Our Love Story, Part Two
Mark and I were speedy to get our small groups together. I cherish our pictures of group hang outs: bonfires, Georgia Tech football games, dinners out at Atlanta restaurants, sand volleyball games, chats in his living room, and cooking dinners and desserts together. Good, wholesome fun!
My roommate, Val, knew about my desire to fall in love with Jesus first. She had been a Christ-follower longer than I had, so I trusted her insight. She advised me to avoid hanging out one-on-one with guys during this season. I thought that sounded wise, so that was my unspoken rule. It was easy because all of our hangouts seemed to be with large groups. I had no idea Mark had the exact same boundary in his own life.
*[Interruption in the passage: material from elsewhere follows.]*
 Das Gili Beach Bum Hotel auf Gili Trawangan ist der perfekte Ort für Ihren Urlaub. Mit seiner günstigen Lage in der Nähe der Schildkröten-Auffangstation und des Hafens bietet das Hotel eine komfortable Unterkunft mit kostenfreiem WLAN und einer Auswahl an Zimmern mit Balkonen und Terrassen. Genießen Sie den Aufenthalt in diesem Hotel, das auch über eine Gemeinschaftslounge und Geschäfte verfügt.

This was late in 2007 and our church was large, but prioritized community well. In addition to charging us to gather in circles rather than rows (hence, our heavy involvement in small groups), they also hosted a Tuesday night worship service, and gathered smaller groups of young professionals throughout Atlanta together on Sunday nights. This environment was called Fusion and it was led by one male and one female leader, who were each assigned a coach. Mark had been a leader in the past and he asked me to join this ministry as his female leader. I was honored, both that he wanted to lead with me and that God would allow me to serve so early on in my walk with Him.
After a wonderful evening, hosting 50 young professionals off of West Paces Ferry, Mark suggested that he and I both commit to not dating anyone in the group. I completely agreed, which was easy because I was still early on in discovering what it meant to fall in love with Jesus. I think God had a special protection around me, keeping me from desiring to date. He wholeheartedly confessed later that his suggestion was made with ulterior motives, to give him more time to muster up the courage to ask me out!!! You may be picking up on a theme: I was so naive. I even assumed he had interest in someone in our group and he just wanted me to be an accountability partner to make sure he kept his focus on serving the group, rather than dating a girl.
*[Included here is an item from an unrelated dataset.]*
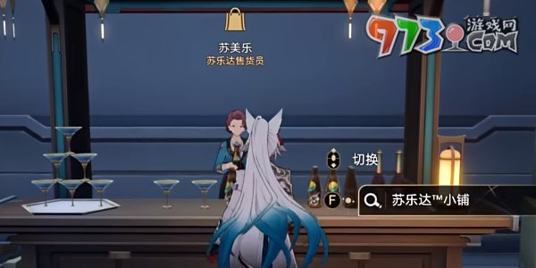 3、进入房间后来到苏乐达小摊的位置找到NPC苏美乐,与其对话。

You know our unspoken rule from earlier? Well we both conveniently found reasons to make exceptions with one another. We would talk on the phone when Mark was out-of-state, making sure we were planning for “ministry,” even though the conversations lasted well over an hour, talking and laughing together. I logged miles pacing my living room during these frequent chats. I also massively increased my words per minute in typing because we stayed connected all day through Google Chat (GChat)! When Mark was back in town and we had to pick up supplies at the grocery store for Fusion, we didn’t think twice about driving and shopping together, one-on-one. I had respected him since day one, and I considered him my best guy friend. He even convinced my roommate and me to move into his and Parker’s apartment complex! They had recruited dozens of other churchgoers, so we had our own social community. I just had to walk down the stairs and one apartment building over to be at his front door. This was convenient because it was the hangout spot any night of the week. Without noticing it, Thursday-Sunday evening hangouts became my favorite, because those were the nights Mark was around. I had no idea he was feeling the same way about me at the same time.
Apparently our friends noticed we might be in denial, but they could see us together. We had been teased for a long time with questions about why we weren’t yet dating. We tended to hang out in large groups most weekends and after an evening of multiple remarks recommending we date already, I have a cherished picture of what happened next. Mark got down on one knee and pretended to propose, just to be extra playful and lean into everyone else’s jokes about us.
I knew Mark enjoyed me as a friend, but I definitely did not think he was interested in me. One time I even offered to put in a good word for him with one of my friends who was interested in him (which he quickly declined)! I had no idea he had been engaged in an ongoing conversation with his roommate about when he would work up the nerve to ask me out.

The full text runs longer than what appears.